Here is a data file containing information about diacriticized character combinations found in two different Library of Congress bibliographic record files.

The file contains 1156 records, one for each diacriticized character combination found in either file. Each record contains seven columns, separated by the semicolon (;) character. The columns are as follows:

  1. Fully decomposed Unicode equivalent of the combination (characters in 4-digit hexadecimal separated by plus signs). This is the sort key.
  2. Fully composed Unicode character equivalent (in 4-digit hexadecimal), or null string if there is no such equivalent.
  3. The original ALA EBCDIC encoding of the characters (in 2-digit hexadecimal concatenated).
  4. USMARC extended ASCII encoding of the characters (in 2-digit hexadecimal concatenated).
  5. Number of occurrences of the character combination in the MUMS Books bibliographic database.
  6. Number of occurrences of the character combination in the JACKPHY bibliographic database.
  7. Name of the character combination. This is based on the Unicode 2.0 name with the words "LATIN" and "LETTER" omitted for brevity. Combinations that do not have Unicode equivalents are named by analogy to the Unicode 2.0 naming system.

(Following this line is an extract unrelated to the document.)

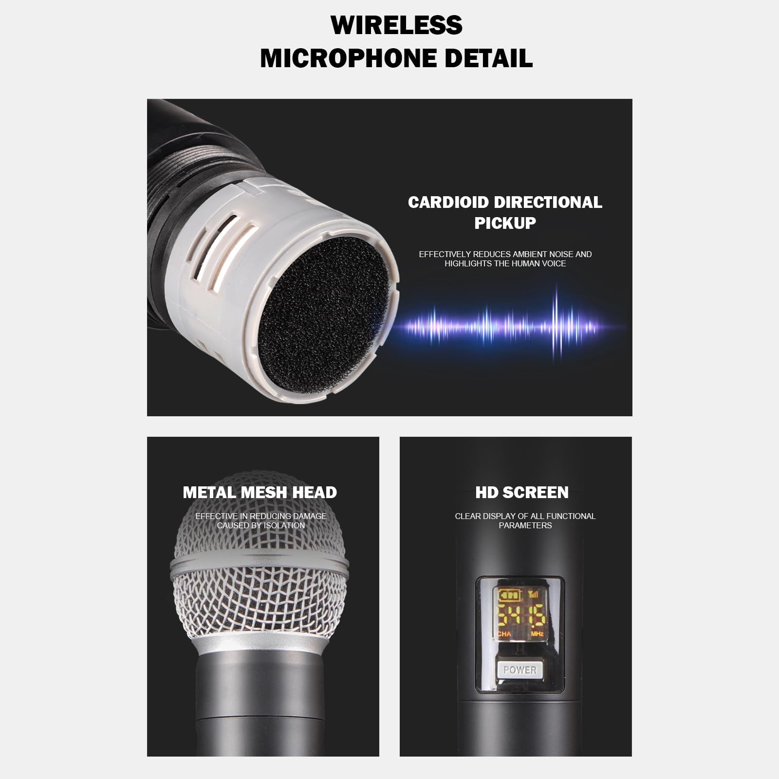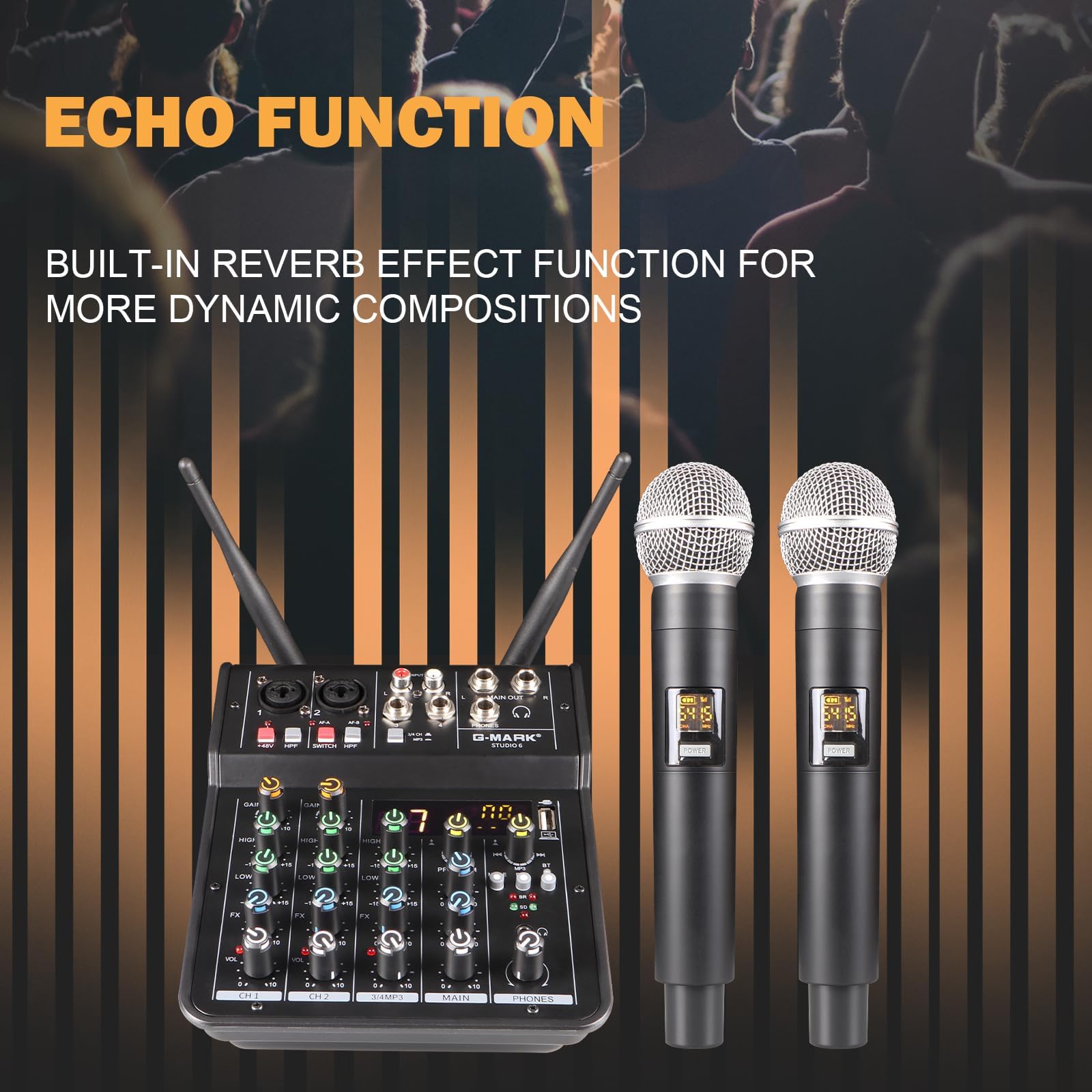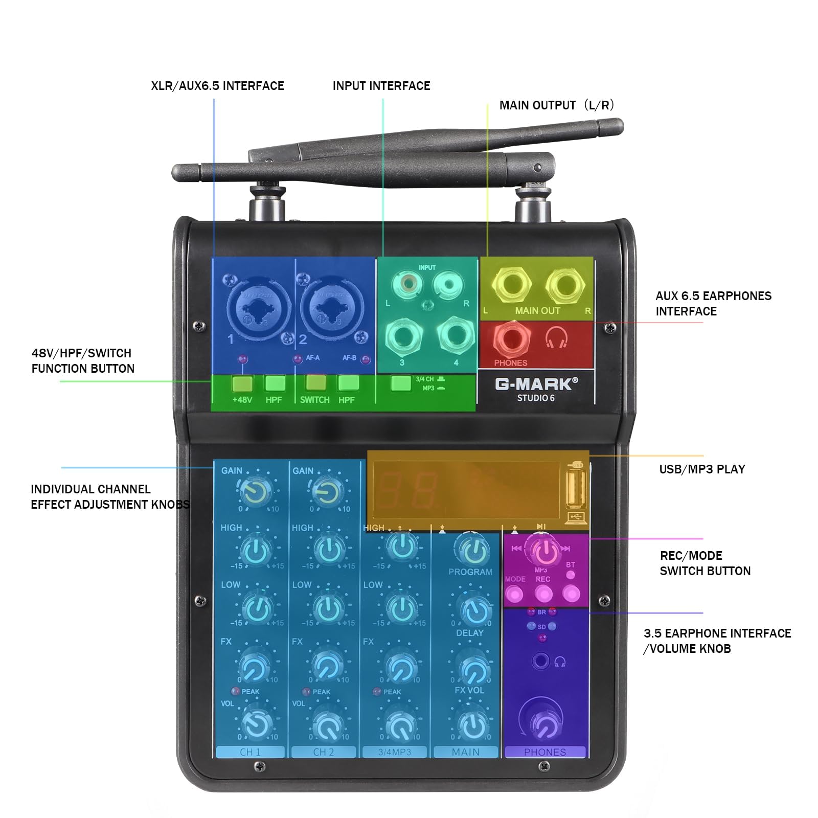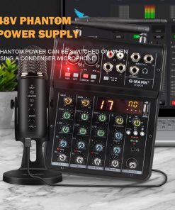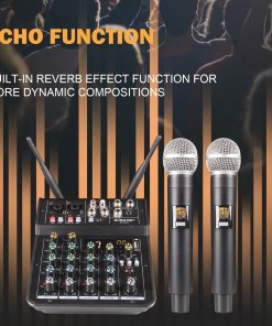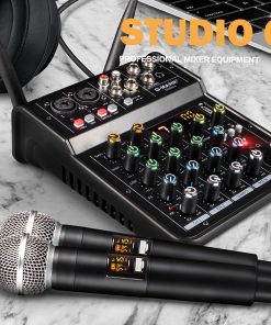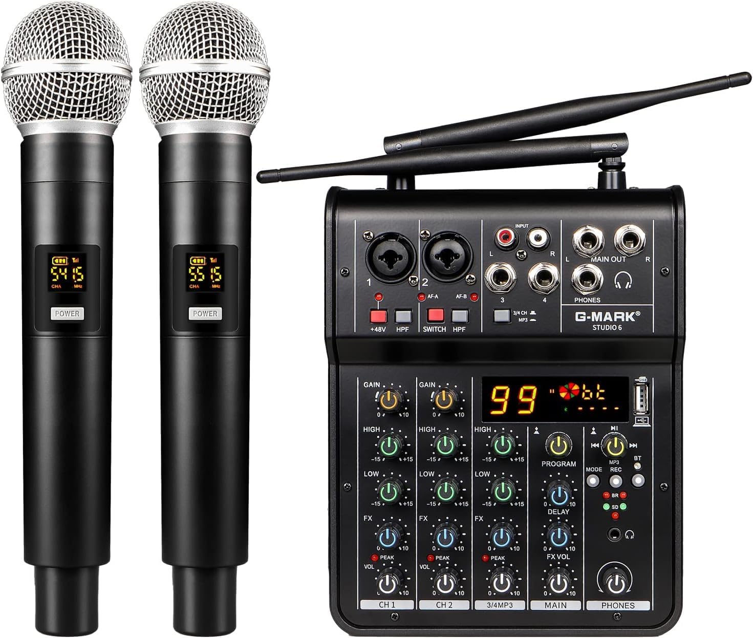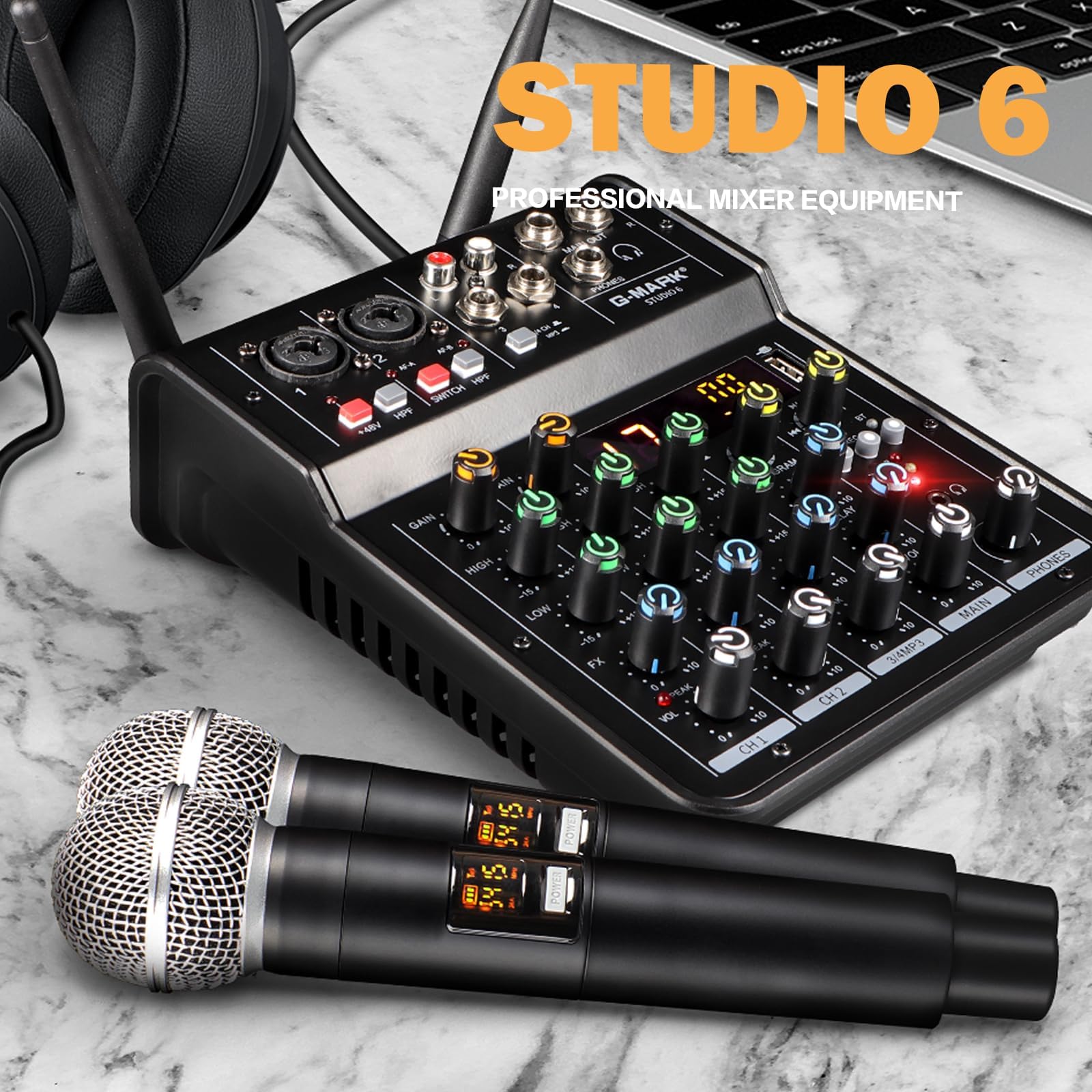 El Mezclador de Audio Studio 6 es un versátil y de alta calidad mezclador de DJ de 4 canales diseñado para mezcla y grabación de audio. Este mezclador de música incluye micrófonos inalámbricos duales, lo que lo convierte en una opción conveniente para los artistas que requieren movilidad y libertad de movimiento en el escenario.

WARNING: An earlier version of this page claimed that the JACKPHY frequency appeared in column 5, and the MUMS Books frequency appeared in column 6. That was incorrect.

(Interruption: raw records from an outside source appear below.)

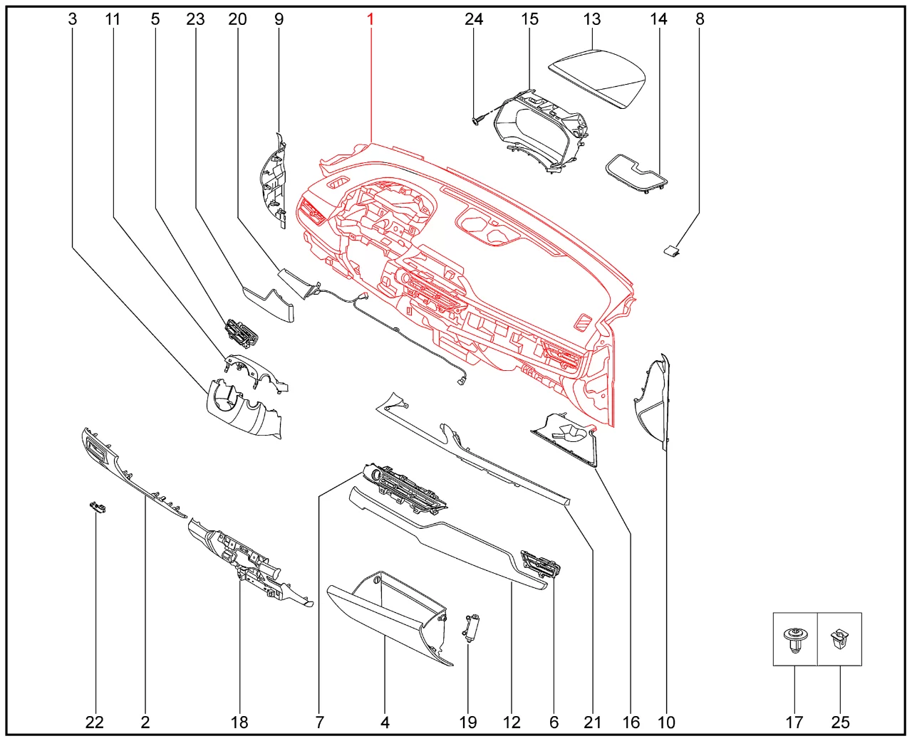 Штатная оригинальная торпедо / панель приборов (Prestige) для XCITE X-Cross 7, Chery Tiggo 7 Pro.
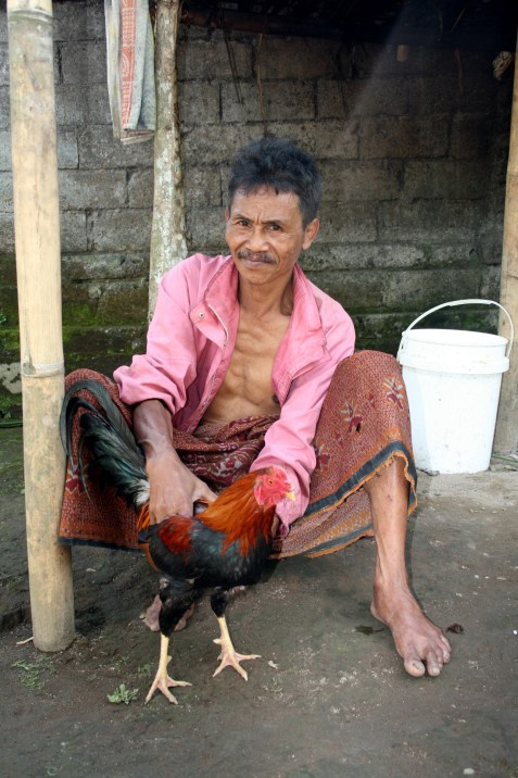 Partway through the bike ride we stopped at a traditional Balinese home compound. It consisted of several buildings, each with their own function (sleeping, kitchen, ceremonies etc). The property was thick with fruit trees and vegetable gardens, chickens and pigs. Cock fighting is a huge sport for the local Balinese, and roosters-in-training (such as the one in this photo) are prized possessions. They are massaged daily, fed special food, and generally coddled, only to later die a bloody and painful death for the amusement of the audience.
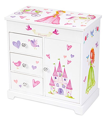 Jewelkeeper - Joyero Musical Decorado de Unicornios y Castillo, con 3 Cajones Extraíbles - Melodía de la Danza del Hada de Azúcar
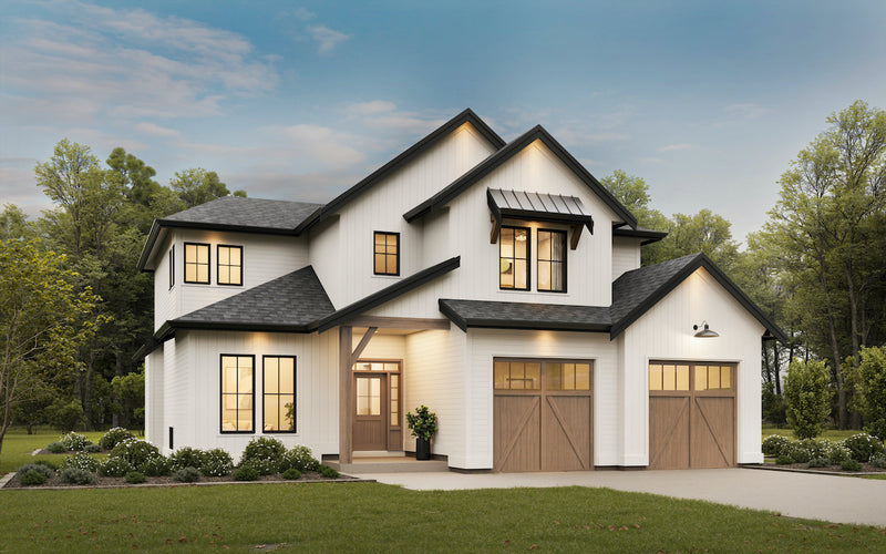 A 517 sq. ft. garage offers ample storage and parking. A 282 sq. ft. deck and 78 sq. ft. rear porch provide outdoor spaces for relaxation. The home’s 9:12 and 5:12 roof pitch completes the stylish and functional design.
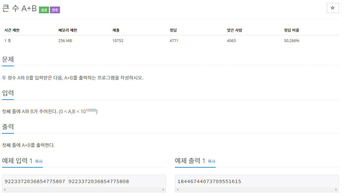 자바는 큰수를 BigInteger 클래스로 정의 하였습니다.
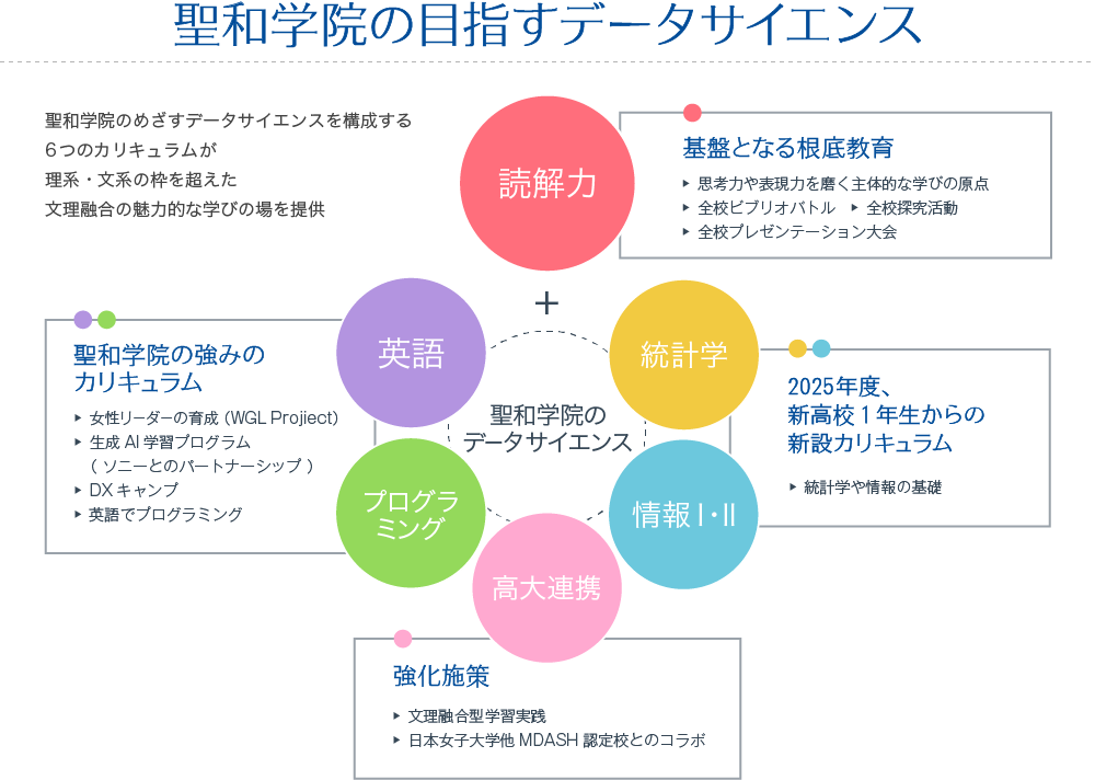 聖和学院は、未来に向けて共に発想・創造する「未来共創力」をテーマに、卒業生が社会で未来を構想する力を育む進路指導を行っています。現代社会で重要視されているコミュニケーション能力やデータ分析力の充実を目標に、2025年度から高校1年生向けに4つの新コースを設置しています。この新しいカリキュラムは、理系・文系を超えた文理融合の学びを提供し、データサイエンスのスキルを身につけることを目指しています。

The MUMS Books database contains 3,279,507 records and 1,353,406,304 characters. There are 9,948,061 characters with diacritics, of which 57,255 exhibit more than one diacritic.

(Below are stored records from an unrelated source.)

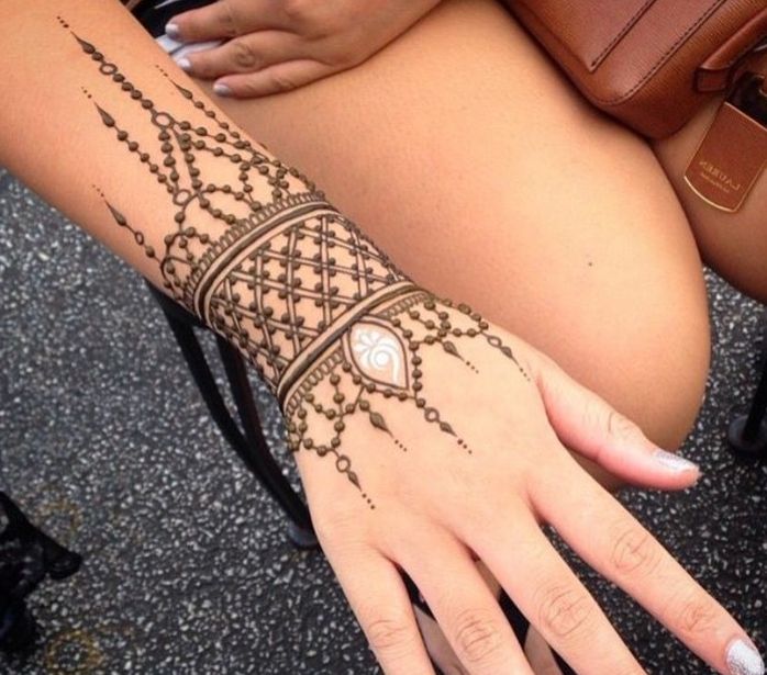 Кстати, если вы не можете решиться на настоящую наколотую татуировку, то можно сделать браслет-тату хной. Хна проникает в верхний слой кожи и держит цвет на протяжении двух-трех недель. Данное решение будет оптимальным для того, чтобы оценить глубину своего желания наколоть браслет. Татуировка хной, к тому же, может стать хорошим украшением на лето.
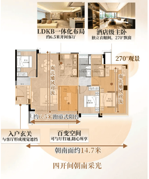 建面约106㎡四空间:新规产品,使用率超130%,满足全周期家庭需求;全明户型,双轴线南北通透,约14.7米南向面宽,餐客厅与主卧均南北通透;独立入户玄关,优化入户动线,营造归家仪式感。
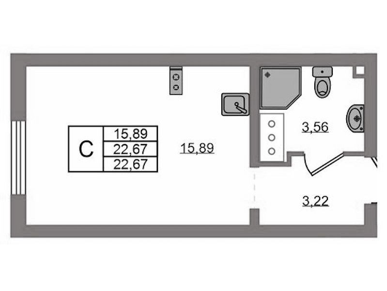 Квартира-студия на 8-ом этаже 22,96 кв.м
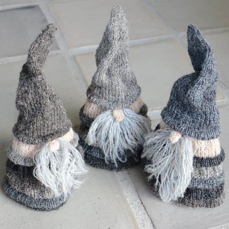 Goblins knitted on DPNs with pleats and different textures.
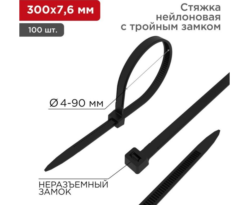 REXANT Стяжка нейлоновая Профессиональная 300x7,6мм, черная (100 шт/уп)
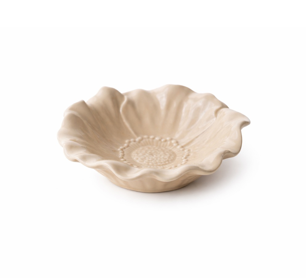 Blomstraskålarna är ljuvliga hantverk i blomstrande anda med detaljer som ger det där lilla extra till det dukade bordet. Finns i tre olika färger: cloude, white och sand. Gjorda i keramik som tål micro och diskmaskin samt är certifierade för livsmedel.

The JACKPHY database contains 335,589 records and 139,542,423 characters. There are 2,473,467 characters with diacritics, of which 415 exhibit more than one diacritic.

The data should not be accepted uncritically, as transcription errors are almost certainly present: for example, the 16 occurrences of LATIN SMALL LETTER A WITH ACUTE AND ACUTE almost certainly represent a double-acute mark rather than vertically stacked acute accents.